The AI approach is focused on practical screening simulation: asking meaningful questions,
maintaining a professional tone, responding naturally, and guiding the call through an
interview-like sequence.

Text-to-Speech and Voice Output

After the AI generates a question or response, the text must be converted into spoken audio.
Amazon Polly is used for text-to-speech voice generation context so that the candidate hears the
AI interviewer instead of reading text on screen.

The use of text-to-speech makes the experience more realistic and helps candidates practice
listening and responding in a voice-based format.

This also gives the module flexibility to use clear, consistent, and scalable voice output instead
of relying on human interviewers.

Candidate Response Capture and Screening Record

During the voice session, candidate answers and screening responses can be captured for review,
tracking, and future improvement.
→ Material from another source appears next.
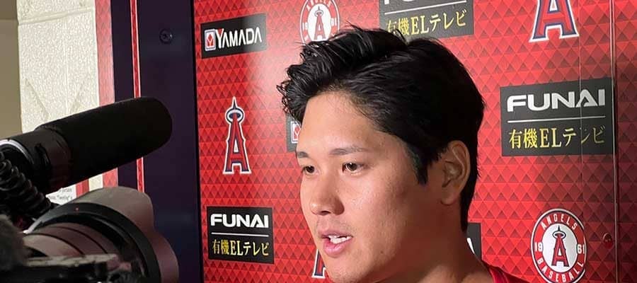 試合後に取材に応じたエンゼルス・大谷翔平【写真:盆子原浩二】

The backend can store call/session context, transcribed
responses, question flow, and screening metadata.

This creates a record of the candidate practice session and provides a foundation for future scoring,
feedback, recruiter-side screening intelligence, or candidate improvement reports.

The response capture layer is important because voice practice becomes more valuable when the
platform can preserve what was asked, what was answered, and how the session progressed.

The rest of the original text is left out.